I due, il sindaco per caso e l’affascinante architetto, ci raccontano l’ultima evoluzione dell’Affresco (un’idea nata dieci anni fa dalla forza creativa di Piano), oggi cresciuto fino a diventare un Blueprint. Finalmente un sogno che viene a concretizzarsi, grazie a un lavoro d’equipe con cui sono state raccolte le nuove esigenze delle Riparazioni navali e della Fiera, seguendo la legge secondo cui «le cose avvengono quando è giusto che avvengano» così come enunciata dal saggio senatore a vita.

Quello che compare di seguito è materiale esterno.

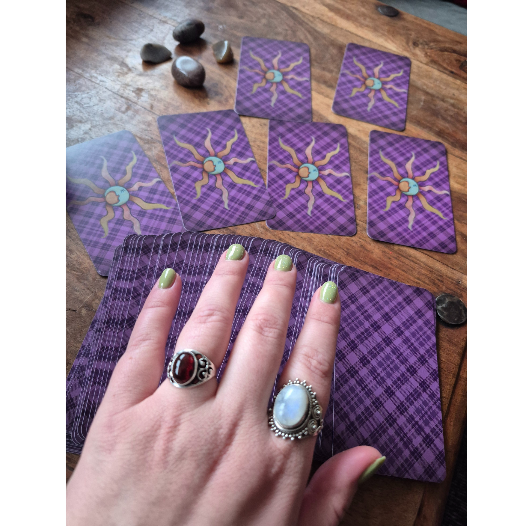 De er klassiske Rider-Waite-Smith kort, men på dansk! Og så har vi piftet symbolerne op! Der er lagt et smukt lilla fundament i kortene, så de giver den ro og dybde som er essentiel for energien i MoseHeksen.
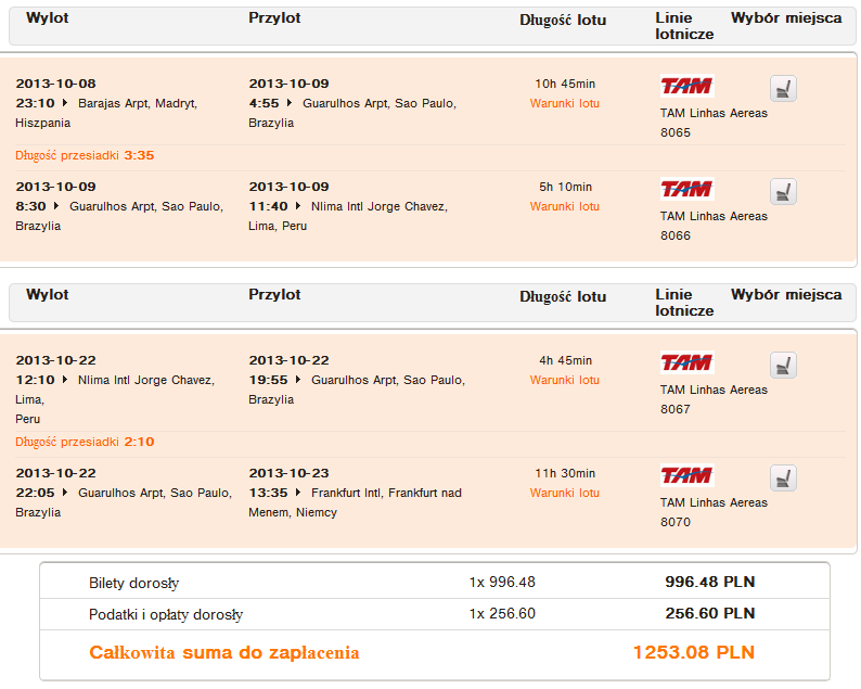Wrócimy dobre ceny lotów TAM Airlines do Ameryki Południowej. Jest kilka kombinacji przelotów i kilka możliwych miejsc docelowych: Lima za 1253 PLN, Lima/Cuzco (Peru) od 1370 PLN, Rio de Janeiro od 1535 PLN, Sao Paulo (Brazylia) od 1419 PLN czy Urugwaj za 2056 PLN
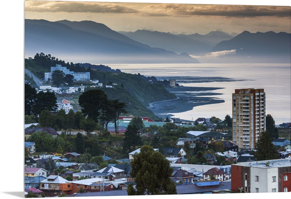 <p>Chile, Los Lagos Region, Puerto Montt, elevated town view, dawn</p>
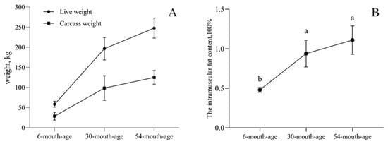The dynamics of the live weight (A) and the intramuscular fat (IMF) content (B) across 6, 30, and 54 months of age. Different letters (a, b) indicate significant differences between different growth stages (p < 0.05).

Un progetto che si basa su un’idea precisa, ovvero che «questa volta è l’acqua che vince sul cemento». Una vittoria che affossa l’idea di costruire un nuovo stadio nell’area della Fiera, ripresa di recente da un nuovo personaggio giunto a sorpresa sulla scena, proveniente dalla capitale: il neopresidente della Sampdoria Massimo Ferrero, meglio noto come «er Viperetta». Un’esclusione sorretta da un’argomentazione granitica dell’illustre senatore: «Gli stadi portano con sé condizioni che non sono tipiche dell’urbanità del centro cittadino (
) quando sono vuoti sono troppo vuoti (
), quando sono pieni sono troppo pieni»*. Come dargli torto, un ragionamento liscio come quell’acqua che vince sul cemento. Gli fa da eco il sindaco per caso, vuole esser chiaro sul messaggio e sul valore di cui si fa portatore: «Non ci saranno volumi aggiunti, ma spazi da riorganizzare con nuove funzioni»**. Con quali funzioni e da chi non ci è dato saperlo, perché l’importante è esser chiari.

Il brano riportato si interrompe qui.